Thisquietarmy - Vessels Il y a six pièces d'un même puzzle émotionnel et chaque d'entre-elles est un fragment d'âme, un morceau de la musique d'un métrage inexistant. La bande son d'une apocalypse silencieuse, une vision post-moderne d'un monde en déliquescence ("The pacific theater"). Un univers à part qui, entre ambient, shoegaze, musique industrielle et drone, dissimule habilement une violence insidieuse, derrière des écrans de fumées et surtout se fait l'apôtre d'une oeuvre séminale à l'intensité sensorielle ébouriffante. Vessels, un disque d'une maîtrise absolue, à la fois inspiré dans ses partis-pris et d'une rigueur implacable dans leur réalisation, la mise en scène de ceux-ci. Eric Quach est Thisquietarmy et Thisquietarmy est Eric Quach. L'homme et sa création. La machine et son concepteur, inextricablement liés ("Lost crusades") quoiqu'il advienne.

Un voile de distorsion, un mur de saturation oppressive qui ampli doucement l'atmosphère, le one-man-band canadien sillonne patiemment les territoires musicaux qui sont les siens, en redéfini les limites, en repousse ses propres frontières, quitte à devoir de temps en temps, exigence extrème oblige, s'imposer une petite respiration ("Shipwrecks")... pour mieux livrer le climax de ce Vessels avec un "The black sea"... fleuve. Dix minutes et quelques d'une épopée bruitiste solitaire, parsemée de textures ambient industrielles évoquant une fusion Jesu [vs] Godflesh et de quelques drones chers à Nadja ; Thisquietarmy s'aventure doucement vers des contrées inexplorées. Sa musique, toujours plus organique et modulée par des petites merveilles de programmations ambient/shoegaze, dévoile des trésors de vibrations passionnelles et de cinégénie affirmée ("The spanish galleon"), des climats empreintes d'une fragilité à fleur de peau et une mélancolie insondable en filigrane. Classe.

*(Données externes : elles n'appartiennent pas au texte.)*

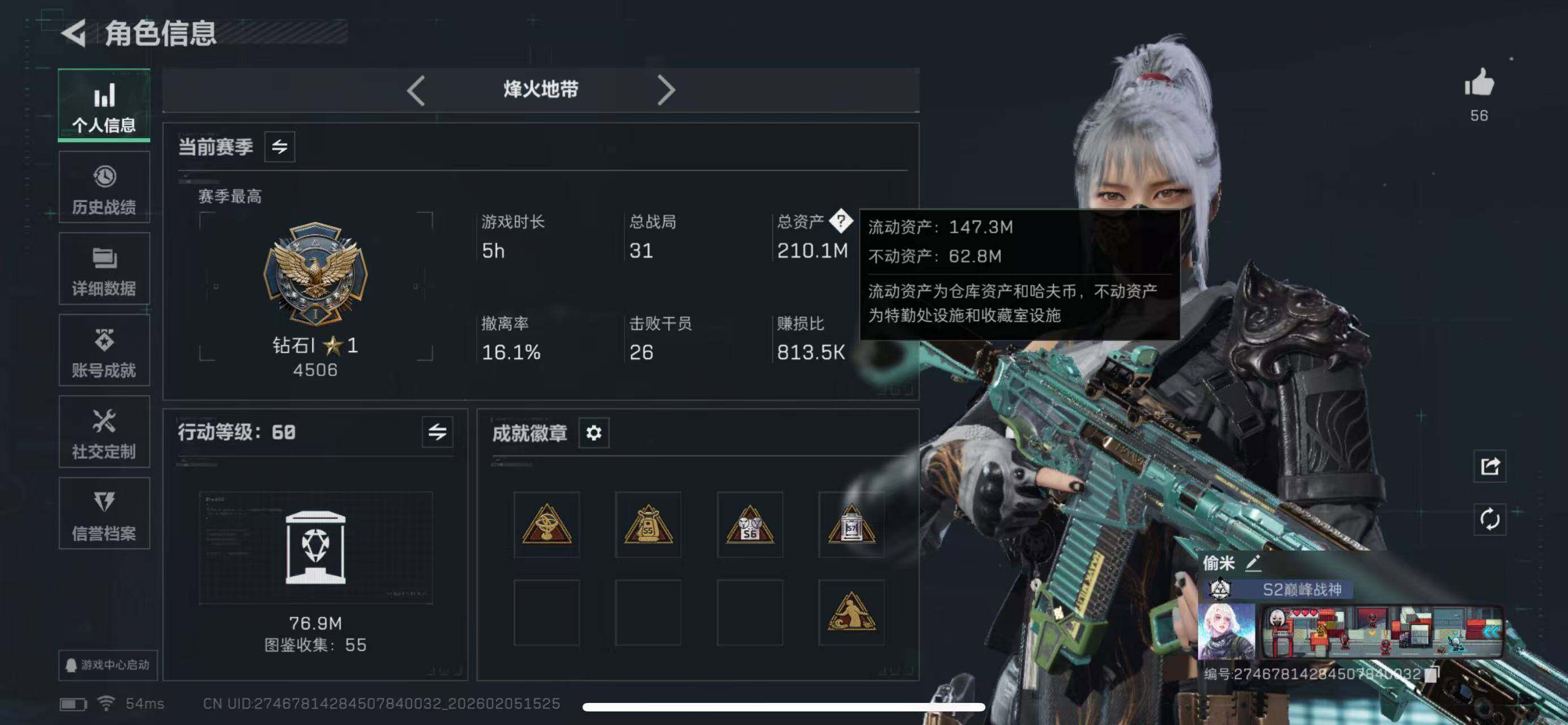 【SJ1075】212m总资产-12100k哈伏币-60烽火等级-钻石-18战场等级-列兵

Sixième et ultime piste de l'album, "New dawn fades" étale sa froideur clinique pendant que son auteur laisse entrevoir une certaine résignation au travers d'un propos rythmé par un désenchantement fugitif, peu à peu assourdissant. Une ode au pessimisme portée par un sculpteur de sons qui semble chercher à se faire l'écho du monde dans lequel il évolue. Thisquietarmy n'est finalement"que" cela, un observateur froidement lucide, discret mais omniprésent, une ombre qui plane sur l'auditeur et l'enveloppe d'un halo de brume artificielle afin de lui faire appréhender son environnement autrement. Par le prisme d'un projet musical qui construit un véritable labyrinthe d'émotions et qui, entre tension palpable et onirisme élégant, se pose en prise directe avec l'âme pour ne plus jamais s'en détacher.